__Records to use__
------------------------------
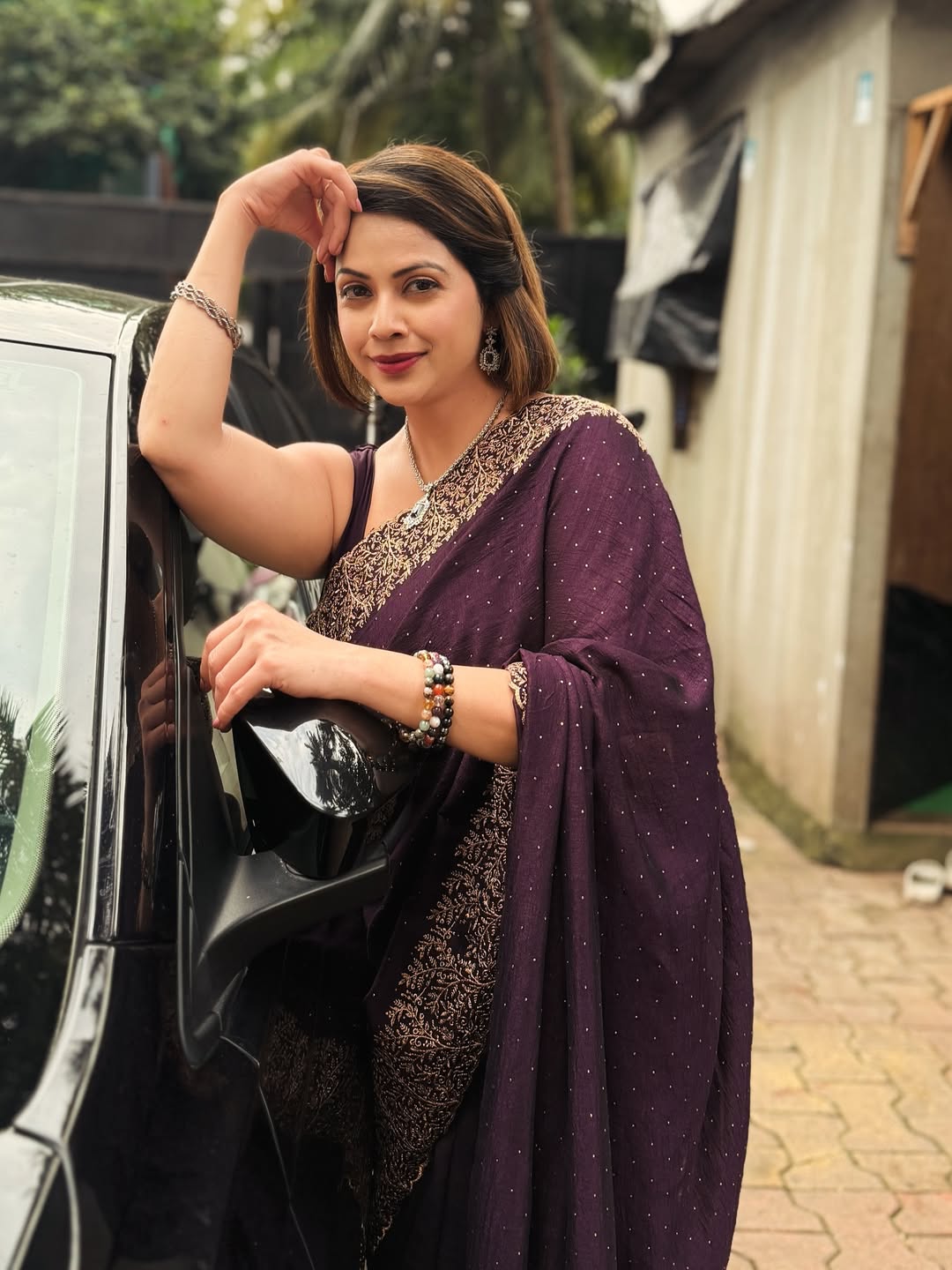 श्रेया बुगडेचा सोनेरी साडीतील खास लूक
------------------------------
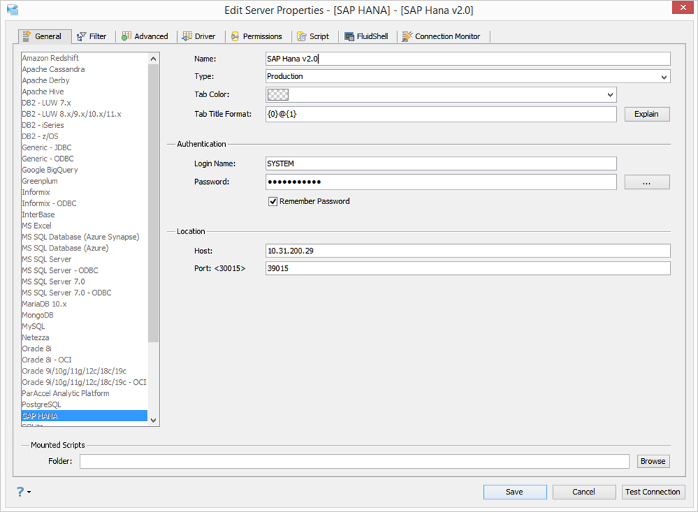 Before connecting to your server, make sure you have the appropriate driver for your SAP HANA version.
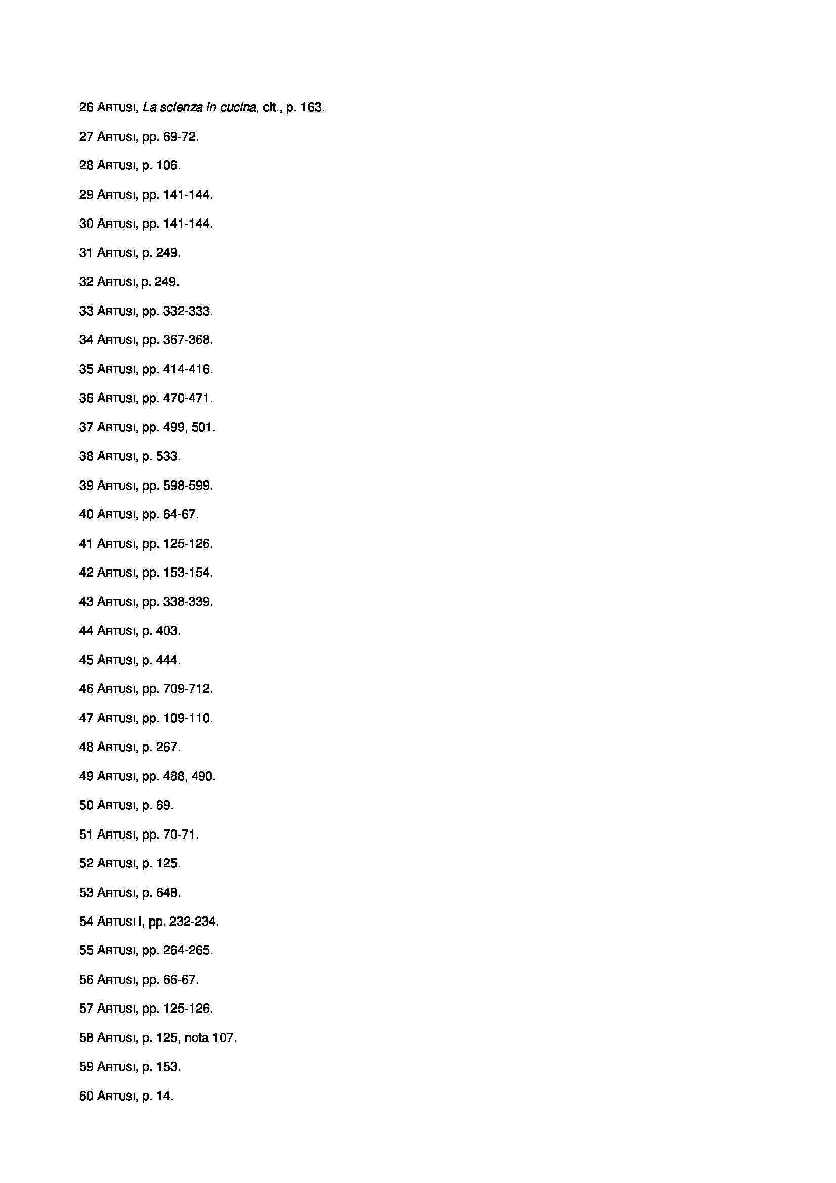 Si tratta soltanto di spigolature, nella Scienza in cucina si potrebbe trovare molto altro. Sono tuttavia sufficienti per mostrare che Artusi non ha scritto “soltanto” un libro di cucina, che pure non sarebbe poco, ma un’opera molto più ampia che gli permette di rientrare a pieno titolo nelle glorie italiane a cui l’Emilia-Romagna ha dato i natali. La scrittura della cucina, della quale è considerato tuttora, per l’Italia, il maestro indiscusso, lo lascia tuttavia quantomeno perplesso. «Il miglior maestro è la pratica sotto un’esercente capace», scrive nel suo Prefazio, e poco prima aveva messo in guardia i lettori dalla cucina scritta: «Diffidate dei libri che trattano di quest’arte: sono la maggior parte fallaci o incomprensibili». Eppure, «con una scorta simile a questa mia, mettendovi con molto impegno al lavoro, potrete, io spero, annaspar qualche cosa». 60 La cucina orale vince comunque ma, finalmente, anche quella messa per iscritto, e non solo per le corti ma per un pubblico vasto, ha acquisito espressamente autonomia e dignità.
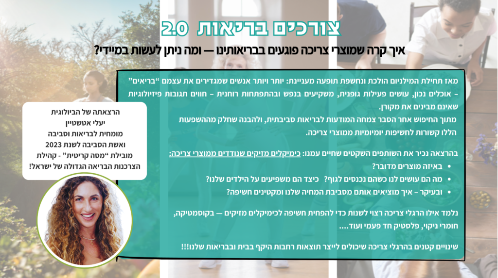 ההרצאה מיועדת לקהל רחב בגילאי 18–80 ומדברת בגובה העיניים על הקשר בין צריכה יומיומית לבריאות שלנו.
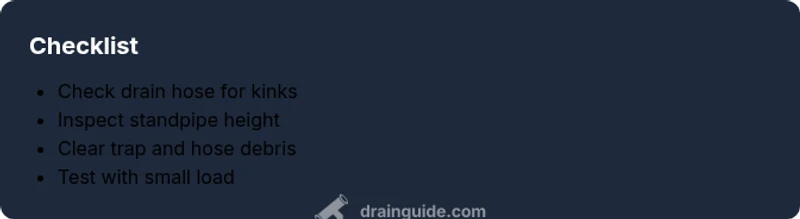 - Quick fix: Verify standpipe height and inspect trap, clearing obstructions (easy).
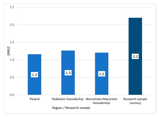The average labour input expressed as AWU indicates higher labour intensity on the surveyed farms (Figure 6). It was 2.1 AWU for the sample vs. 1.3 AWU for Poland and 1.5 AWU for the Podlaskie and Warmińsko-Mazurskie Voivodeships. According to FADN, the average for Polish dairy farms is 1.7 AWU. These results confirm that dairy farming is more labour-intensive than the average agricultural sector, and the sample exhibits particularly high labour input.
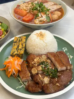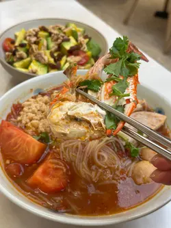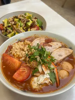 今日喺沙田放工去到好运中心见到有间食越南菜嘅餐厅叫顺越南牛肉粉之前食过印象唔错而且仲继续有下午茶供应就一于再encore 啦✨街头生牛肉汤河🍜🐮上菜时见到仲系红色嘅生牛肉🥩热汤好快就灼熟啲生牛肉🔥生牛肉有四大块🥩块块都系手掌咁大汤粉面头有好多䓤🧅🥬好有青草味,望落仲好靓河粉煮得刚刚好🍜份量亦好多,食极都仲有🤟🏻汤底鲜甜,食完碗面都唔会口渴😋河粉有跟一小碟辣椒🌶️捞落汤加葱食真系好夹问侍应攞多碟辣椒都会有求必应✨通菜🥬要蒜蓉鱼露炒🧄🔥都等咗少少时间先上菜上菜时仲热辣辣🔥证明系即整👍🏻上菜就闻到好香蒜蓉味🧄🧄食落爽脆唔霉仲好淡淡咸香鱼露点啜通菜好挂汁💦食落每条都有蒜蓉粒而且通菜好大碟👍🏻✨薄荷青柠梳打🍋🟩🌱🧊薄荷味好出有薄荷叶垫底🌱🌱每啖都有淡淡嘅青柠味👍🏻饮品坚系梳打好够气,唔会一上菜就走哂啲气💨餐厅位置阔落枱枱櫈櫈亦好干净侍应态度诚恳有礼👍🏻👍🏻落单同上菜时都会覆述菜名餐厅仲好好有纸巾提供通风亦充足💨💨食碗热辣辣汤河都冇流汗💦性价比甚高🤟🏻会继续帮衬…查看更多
------------------------------
__Problem requirements__
Taking the entries above, extract every line from the one bearing "- Quick fix: Verify" through the one bearing "今日喺沙田放工去到好运中心见", exactly, with no pictures.

__Solution for this task__
 - Quick fix: Verify standpipe height and inspect trap, clearing obstructions (easy).
The average labour input expressed as AWU indicates higher labour intensity on the surveyed farms (Figure 6). It was 2.1 AWU for the sample vs. 1.3 AWU for Poland and 1.5 AWU for the Podlaskie and Warmińsko-Mazurskie Voivodeships. According to FADN, the average for Polish dairy farms is 1.7 AWU. These results confirm that dairy farming is more labour-intensive than the average agricultural sector, and the sample exhibits particularly high labour input.
 今日喺沙田放工去到好运中心见到有间食越南菜嘅餐厅叫顺越南牛肉粉之前食过印象唔错而且仲继续有下午茶供应就一于再encore 啦✨街头生牛肉汤河🍜🐮上菜时见到仲系红色嘅生牛肉🥩热汤好快就灼熟啲生牛肉🔥生牛肉有四大块🥩块块都系手掌咁大汤粉面头有好多䓤🧅🥬好有青草味,望落仲好靓河粉煮得刚刚好🍜份量亦好多,食极都仲有🤟🏻汤底鲜甜,食完碗面都唔会口渴😋河粉有跟一小碟辣椒🌶️捞落汤加葱食真系好夹问侍应攞多碟辣椒都会有求必应✨通菜🥬要蒜蓉鱼露炒🧄🔥都等咗少少时间先上菜上菜时仲热辣辣🔥证明系即整👍🏻上菜就闻到好香蒜蓉味🧄🧄食落爽脆唔霉仲好淡淡咸香鱼露点啜通菜好挂汁💦食落每条都有蒜蓉粒而且通菜好大碟👍🏻✨薄荷青柠梳打🍋🟩🌱🧊薄荷味好出有薄荷叶垫底🌱🌱每啖都有淡淡嘅青柠味👍🏻饮品坚系梳打好够气,唔会一上菜就走哂啲气💨餐厅位置阔落枱枱櫈櫈亦好干净侍应态度诚恳有礼👍🏻👍🏻落单同上菜时都会覆述菜名餐厅仲好好有纸巾提供通风亦充足💨💨食碗热辣辣汤河都冇流汗💦性价比甚高🤟🏻会继续帮衬…查看更多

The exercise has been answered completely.